Фантазии Козаностры Петровича Из лучших

Ирина Лерова
     Фатасмагоричная миниатюра со скрытыми смыслами

     Не бойтесь критиковать, но желательно без хамства)


     Началось всё с того что я, Козаностра Петрович, представил будто в моём распоряжении из всего арсенала предметов при помощи которых можно зафиксировать свои мысли, имеется лишь перьевая ручка и чернильница с небольшим количеством чернил. Я тут же энергично обмакнул перо в чернила и, высунув как и положено кончик языка, принялся пыхтеть над первым в моей жизни письменным трудом.
     Я пытался излить на бумагу всё своё возмущение родителями, давшими мне такое ужасное имя, которое привело к невероятному искривлению моего жизненного пути, и намеревался зафиксировать всю свою непридуманную биографию, которой стыдились мои родственники.

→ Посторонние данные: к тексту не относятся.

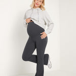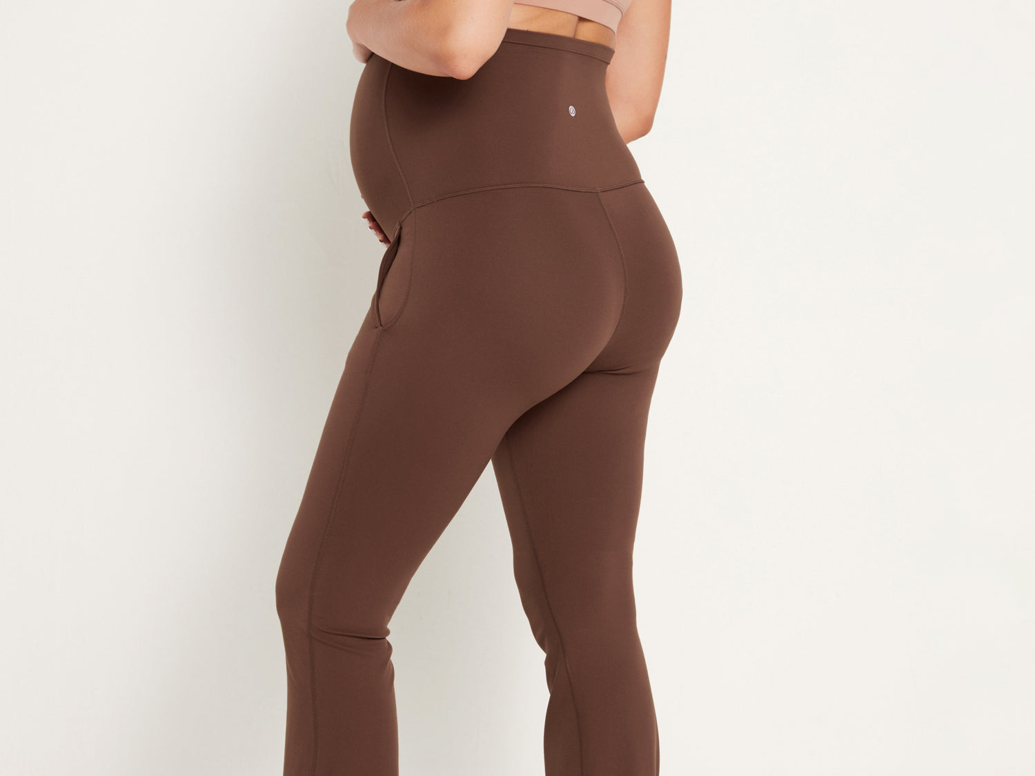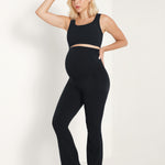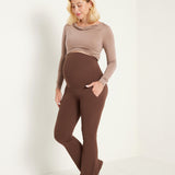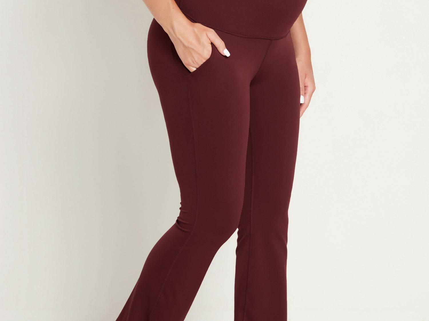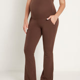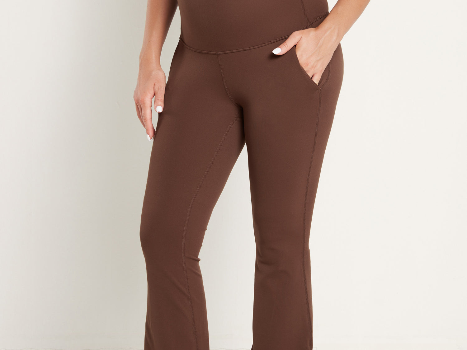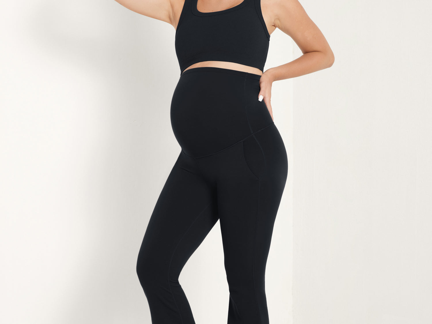 It offers a blend of comfort and style. Soft, stretchy fabric with a high rise and 31" inseam supports your growing bump, while the U-shaped belly panel and side pockets add convenience. Moms love the full coverage, practical support, and chic flare leg design.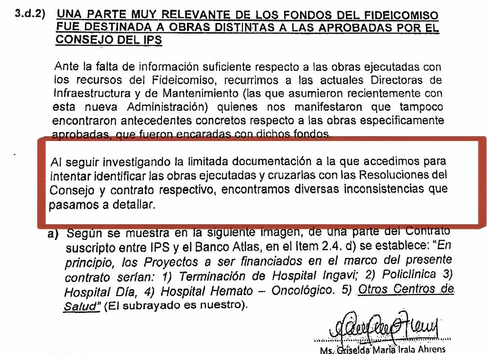 Lo cierto es que según el informe de auditoría del IPS, las obras que se debieron realizar no están, la plata tampoco. Es decir, calzaron el presupuesto de salud del IPS con dichos montos, hasta salarios se han pagado con estos recursos y ahora el banco de los Zuccolillo retiene cada mes del IPS G. 160 mil millones para saldar la deuda generada. El fideicomiso era exclusivamente para estas obras: Terminación Hospital Ingavi, Construcción Policlínica, Construcción Hospital Día y Construcción Hospital Hemato-Oncológico. De las 4 obras que figuran en el contrato, los primeros 3 no están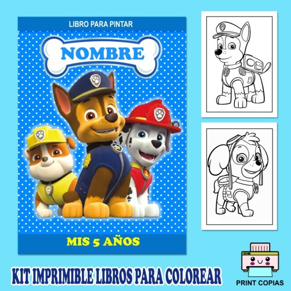 LIBRITOS PARA COLOREAR Y PERSONALIZAR TEMÁTICA PAW PATROL VARÓN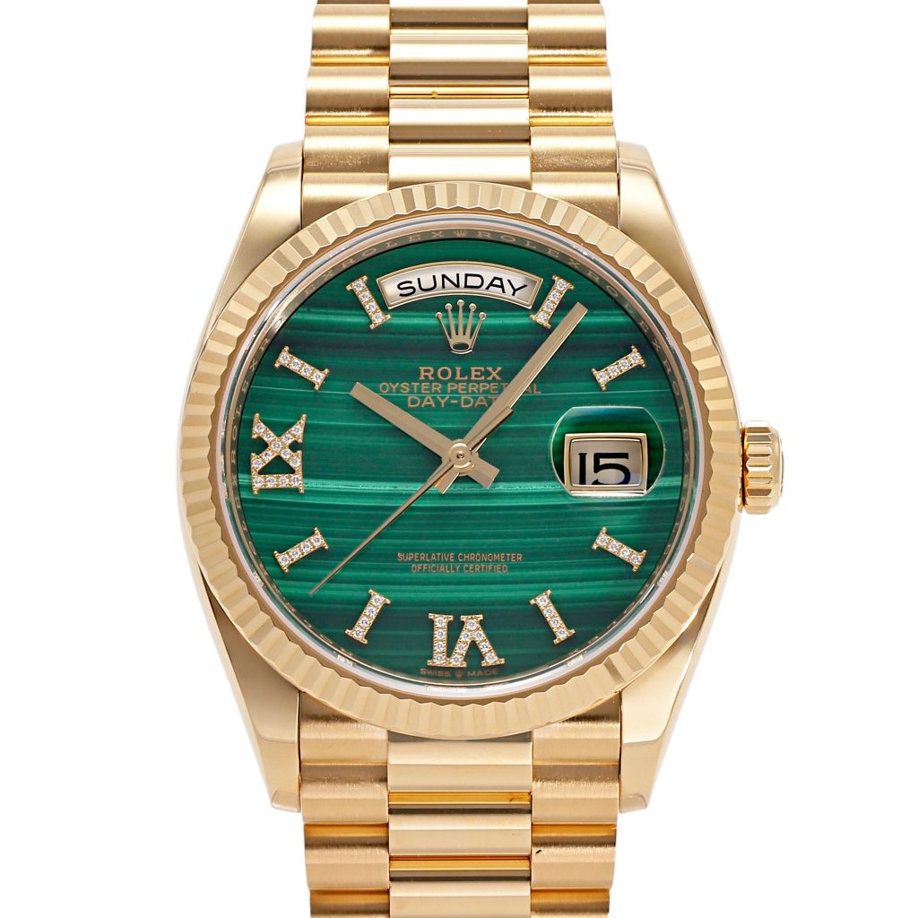 デイデイト 36 128238は、直径36mmのやや大きめなケースサイズが特徴で、レディースモデルとしては存在感のある1本です。文字盤には、深みのある美しいグリーンが魅力のマラカイトを採用し、天然石ならではの豊かな表情が印象的です。

       Писать конечно было о чём,  поскольку биографии моей мог бы позавидовать любой, стремящийся прославиться на ниве неопреступности, но  внезапно пришло осознание того, что хочется мне чего-то совсем иного, потому что успел я настолько устать от этой части своей жизни, что нужно было найти способ хотя бы на время о ней забыть.

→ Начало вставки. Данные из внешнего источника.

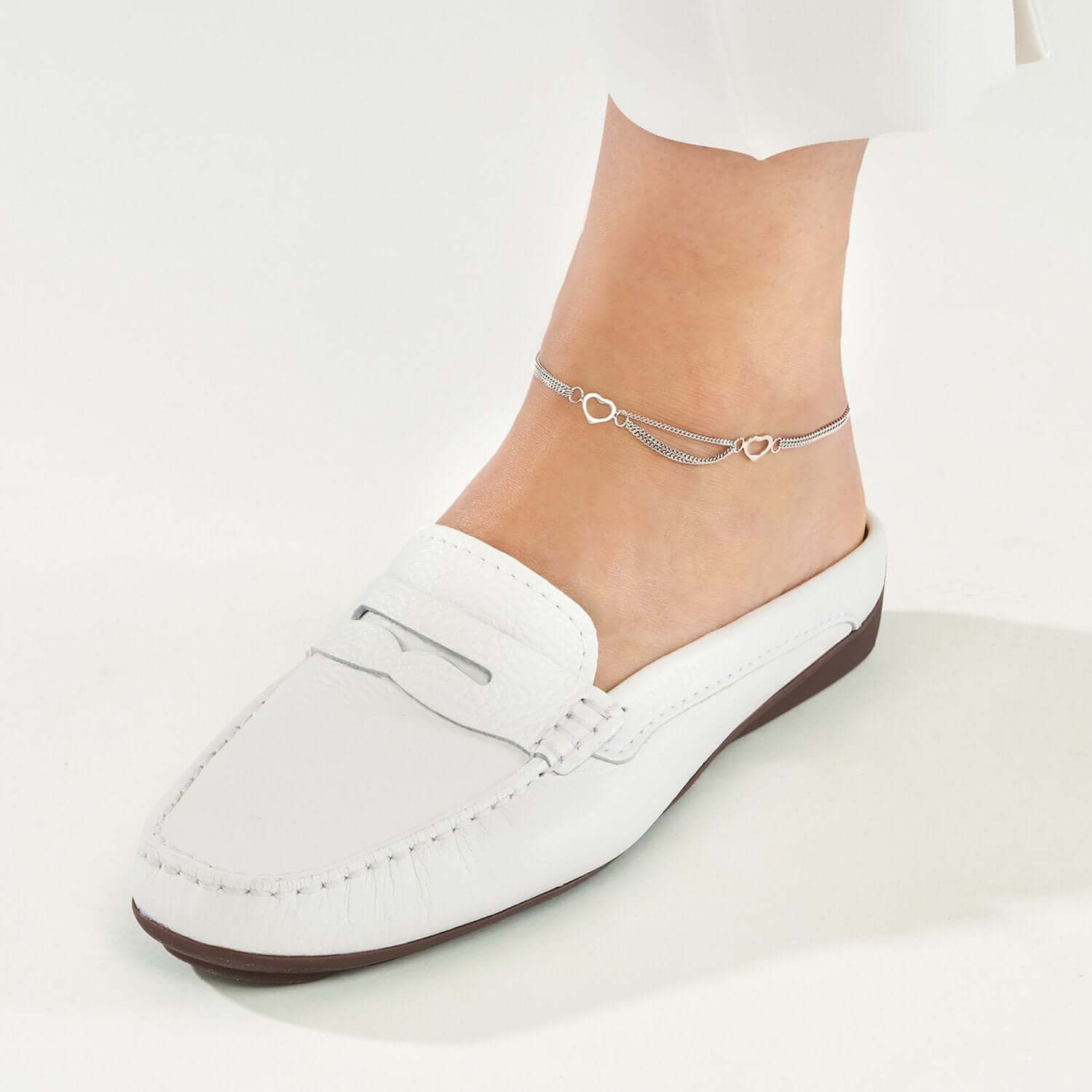 Sterling Silver Heart 4mm Charm Cable Chain Ankle Bracelet (Solid Links) 9"-10" AdjustableCouldn't load pickup availability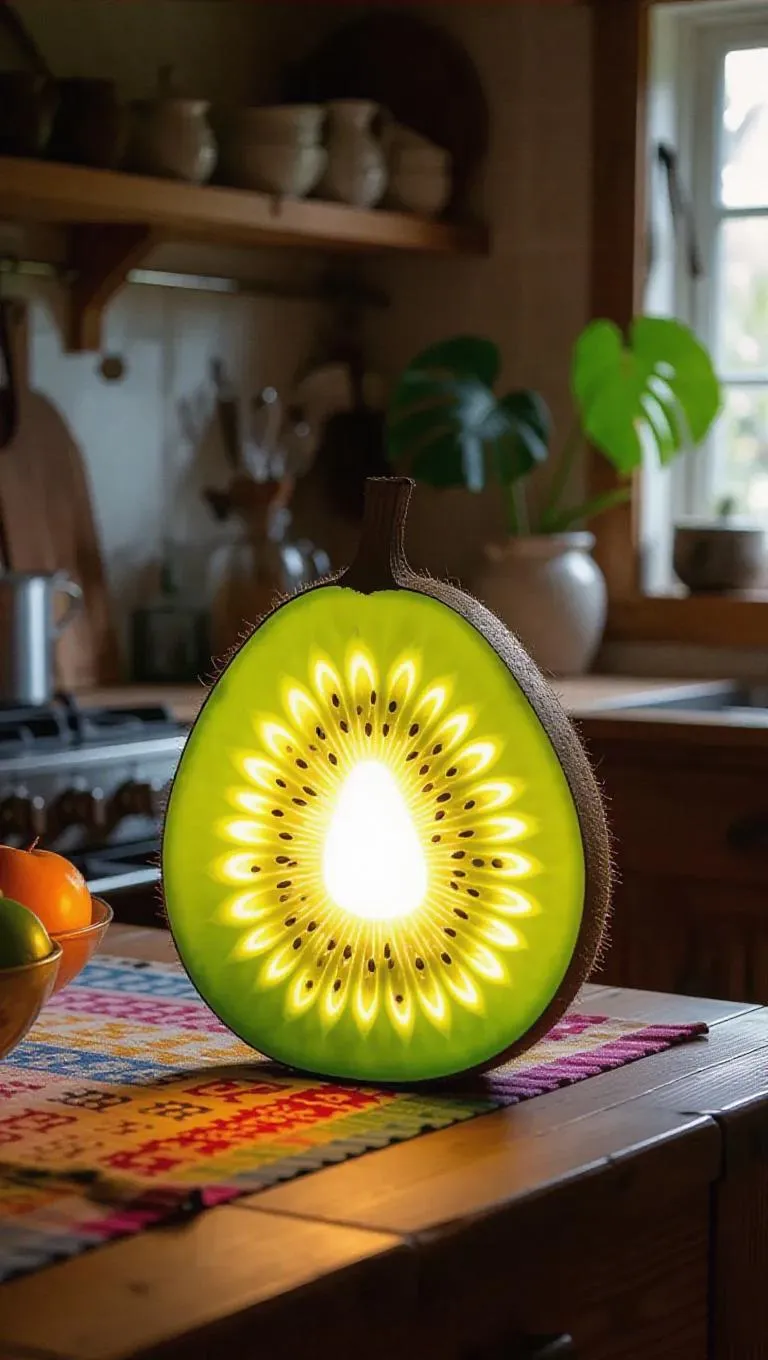 A whimsical lamp shaped like a glowing kiwi, casting a warm, ambient light in a rustic kitchen, surrounded by wooden countertops and colorful textiles, creating a cozy and inviting atmosphere.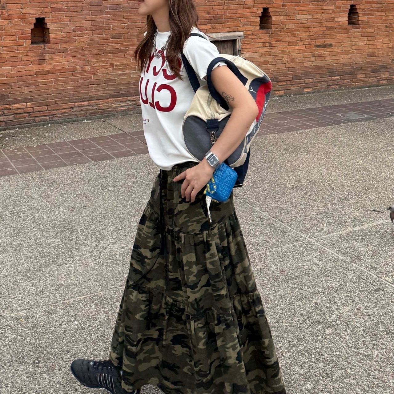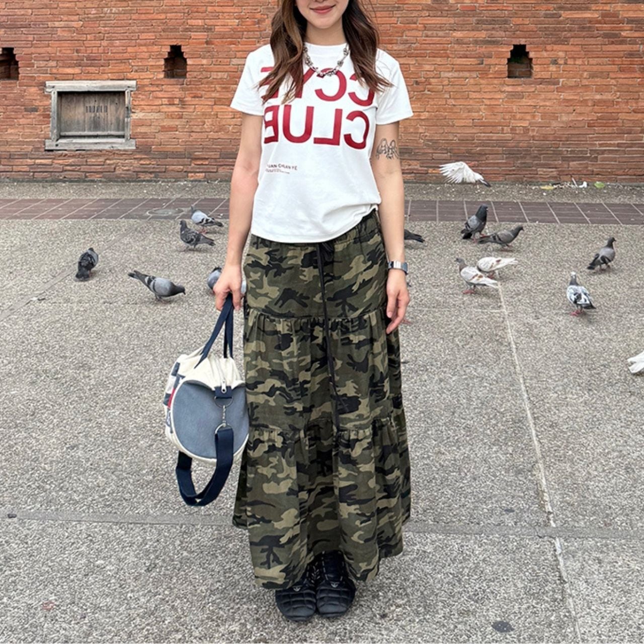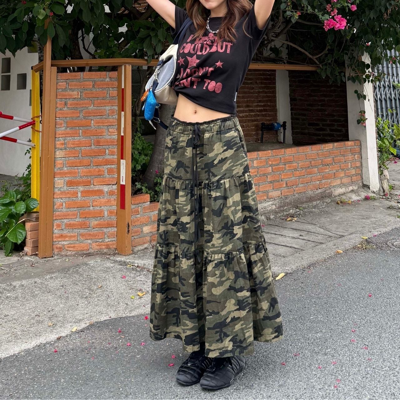 カモフラティアードギャザーAラインスカート R00613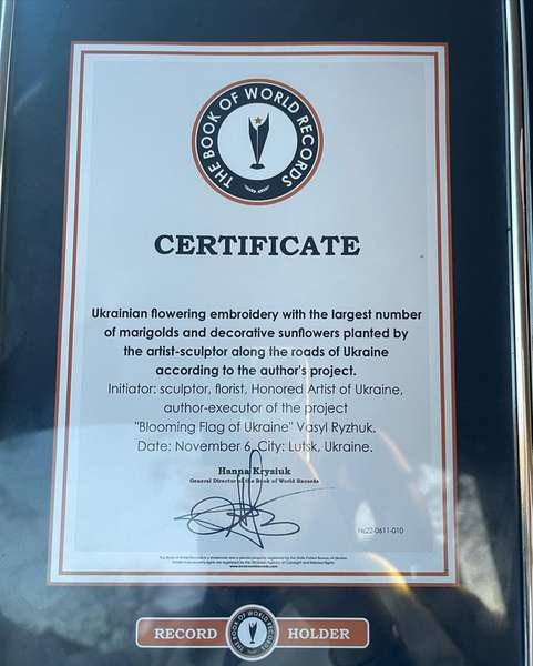 Волинянин Василь Рижук встановив світовий рекорд у номінації «Українська квітуча вишиванка з найбільшою кількістю чорнобривців та декоративних соняшників, висаджених художником-скульптором вздовж доріг України за авторським проєктом».

      И тут мне неудержимо захотелось писать о кошечках, засыпающих в ласковых объятиях змей, о свинках, служащих примером аккуратности для нечистоплотных людей, о хитрых проявляющих удивительную способность к выживанию кротах, против которых дачники объявили настоящую войну. Я снова обмакнул перо и написал несколько предложений. Перо легко и охотно скользило по бумаге, а затем случилась авария. Вместо новых букв  образовались две увесистые кляксы, после чего перо застряло, с ненавистью вонзившись в лист. Уровень моей досады зашкаливал, внутри меня сверкали бесконечные молнии. Освободив перо, я внимательно осмотрел его и моё настроение приблизилось к критическому. Одна из «ножек» вывихнулась, а вторая на несколько градусов отъехала от первоначального положения, и теперь столь необходимый мне инструмент напоминал инвалида, потерявшего трудоспособность в чудовищной катастрофе. Дрожа от нетерпения и негодования я немедленно приступил к ремонту и вскоре перо приобрело первоначальный вид. Но стоило мне поднести его к бумаге, как жирная самодовольная клякса моментально украсила лист. Она словно ухмылялась, радуясь тому, что так замечательно мне насолила.

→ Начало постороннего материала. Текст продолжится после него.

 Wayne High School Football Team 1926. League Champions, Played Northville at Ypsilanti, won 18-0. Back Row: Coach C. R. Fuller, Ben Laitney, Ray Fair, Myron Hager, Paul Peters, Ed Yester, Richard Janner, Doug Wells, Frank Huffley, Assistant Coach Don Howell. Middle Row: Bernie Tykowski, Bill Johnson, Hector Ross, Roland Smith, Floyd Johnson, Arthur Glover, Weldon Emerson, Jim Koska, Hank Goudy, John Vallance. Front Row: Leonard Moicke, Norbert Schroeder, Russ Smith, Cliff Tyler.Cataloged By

       Проявив упорство, я заставил перо перемещаться, но оно скрипело, царапало бумагу, а буквы получались перекошенными, словно внезапно увидели смерть. Нервы мои раскачивались словно качели и издавали протяжные стоны, а наэлектризованные волосы потянулись ввысь. Мозг же явно поставил перед собой цель многократно усилить мои страдания и пачками выдавал невероятно интересные мысли, которые записать я не мог.
        Запасных перьев и карандашей как назло не было, а писать мне хотелось так нестерпимо, что я попытался выудить из подсознания все нестандартные способы фиксации мыслей о которых мне когда-либо приходилось слышать. Улов оказался весьма скудным, но даже за него я был чрезвычайно благодарен памяти и полученному мною образованию. Ленин… Писал то ли палочкой, то ли спичкой, предварительно обмакнув их в молоко. Кажется сначала он обматывал конец ватой.
        Я побежал на кухню. Быстро намотав на спичку вату и погрузив вату в молоко, вернулся в комнату и попытался писать. Чёрт, ничего не видно! И как только Ильич сумел использовать этот способ? Ведь совершенно ясно, что если невозможно прочесть то, что написал, то и развить родившиеся мысли не представляется возможным.
         - А ты пробежись горячим утюжком по бумаге, слова-то и проявятся, - раздался чей-то скрипуче-шепелявый голос.
        От неожиданности я резко вздёрнул голову и уставился на нечто почти древнее. Шалившее поначалу зрение словно сжалившись надо мной предоставило мне возможность хорошенько рассмотреть невесть как пробравшуюся в моё жилище гостью.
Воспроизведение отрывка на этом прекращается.